Action item → Everything from the line that holds "Portátil MacBook Air" through the end of the listing below must be retyped word for word, without any pictures.

Available data →
[Start of Attachment]

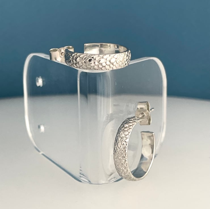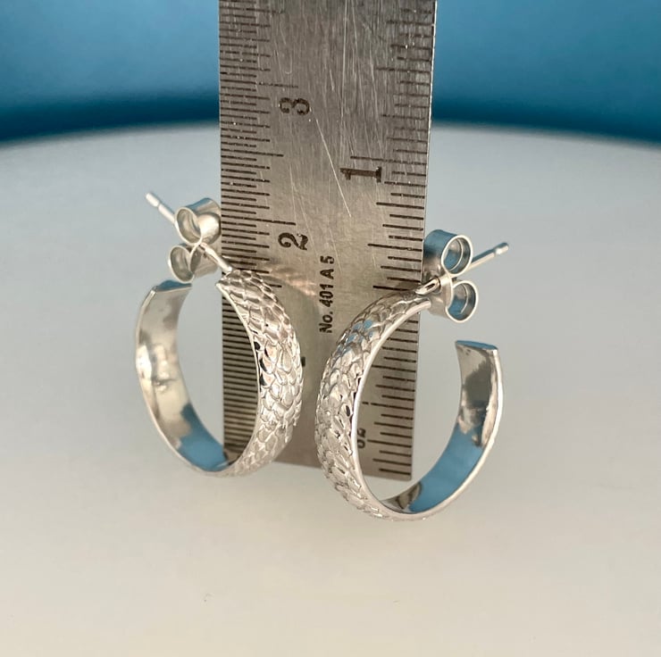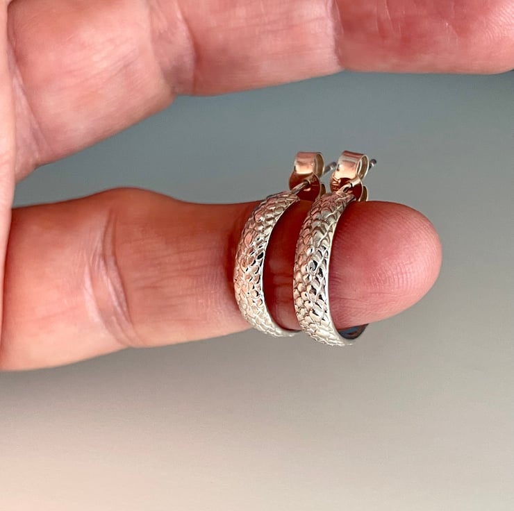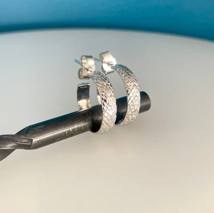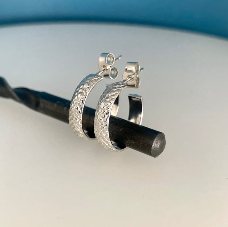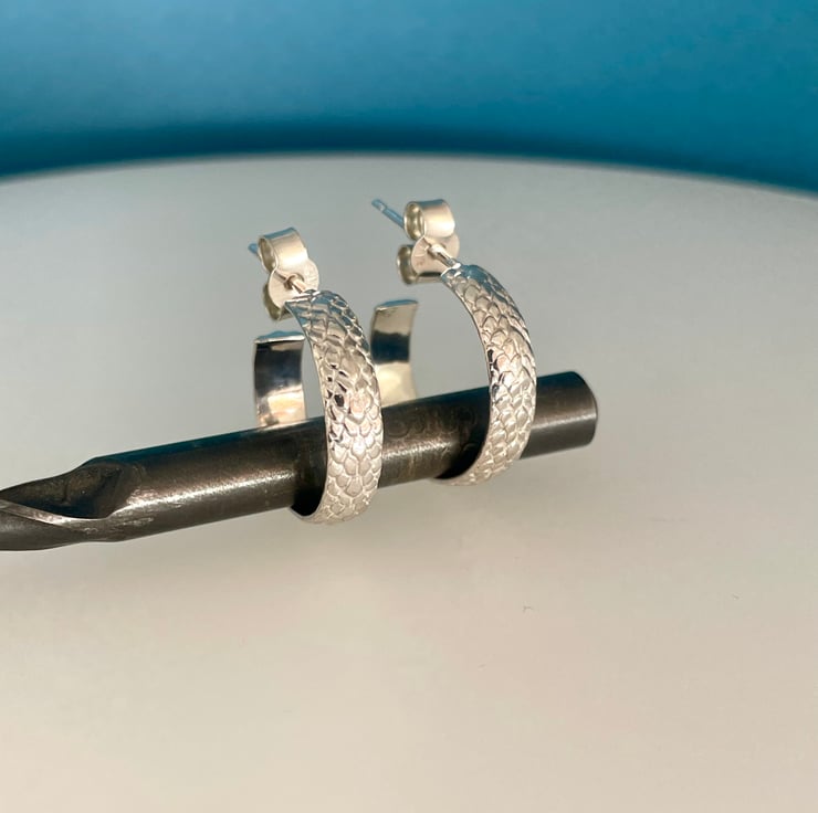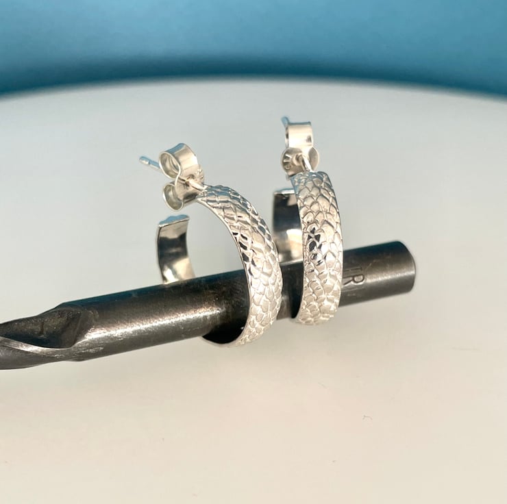A beautiful pair of small wide hoop earrings handmade from 925 sterling silver. Cut by hand from solid 1mm thick/4mm wide silver snakeskin patterned wire then formed into circular shapes. They have silver pin fittings and secured with stamped (925) silver scroll’s/butterfly’s
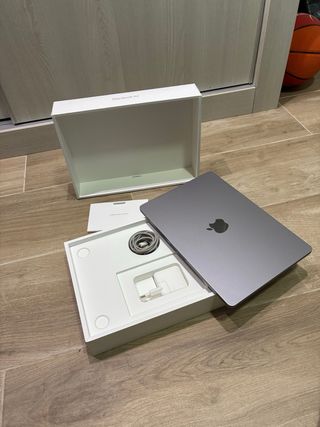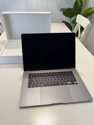 Portátil MacBook Air de 15 pulgadas gris en su caja original. - Salud de la batería al 100% / 42 ciclos de carga. - Capacidad de almacenamiento de 512 GB. - Incluye la caja original y accesorios. - Memoria RAM de 8 GB.
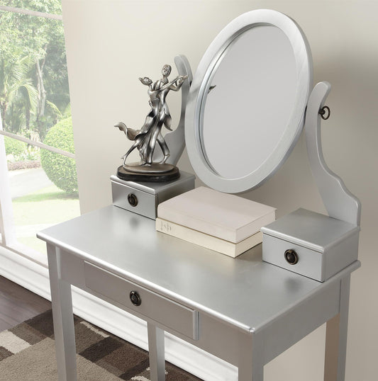 Ashley Silver Wood Makeup Vanity Table and Stool Set
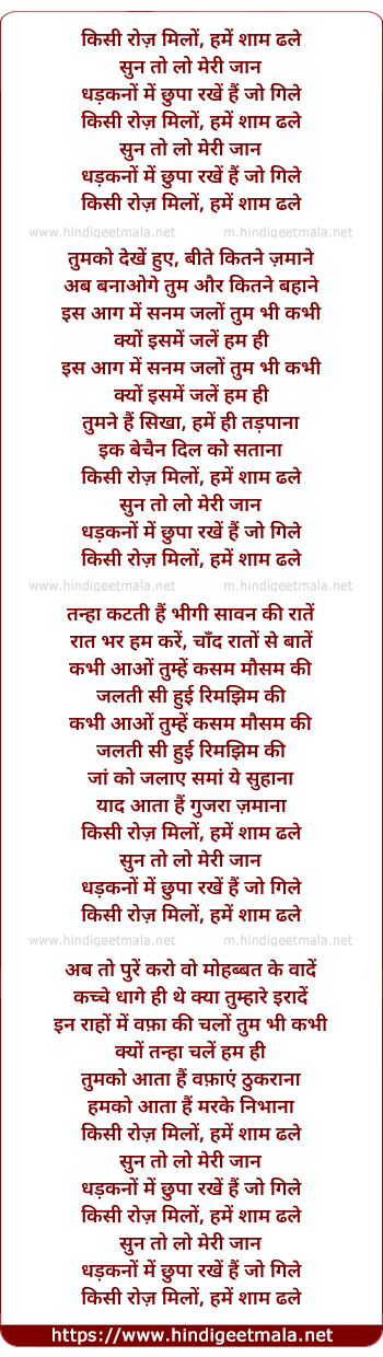 Lyrics of Kisee Roz Milo - किसी रोज़ मिलों, हमें शाम ढले

[End of Attachment]

Exercise response →
 Portátil MacBook Air de 15 pulgadas gris en su caja original. - Salud de la batería al 100% / 42 ciclos de carga. - Capacidad de almacenamiento de 512 GB. - Incluye la caja original y accesorios. - Memoria RAM de 8 GB.
 Ashley Silver Wood Makeup Vanity Table and Stool Set
 Lyrics of Kisee Roz Milo - किसी रोज़ मिलों, हमें शाम ढले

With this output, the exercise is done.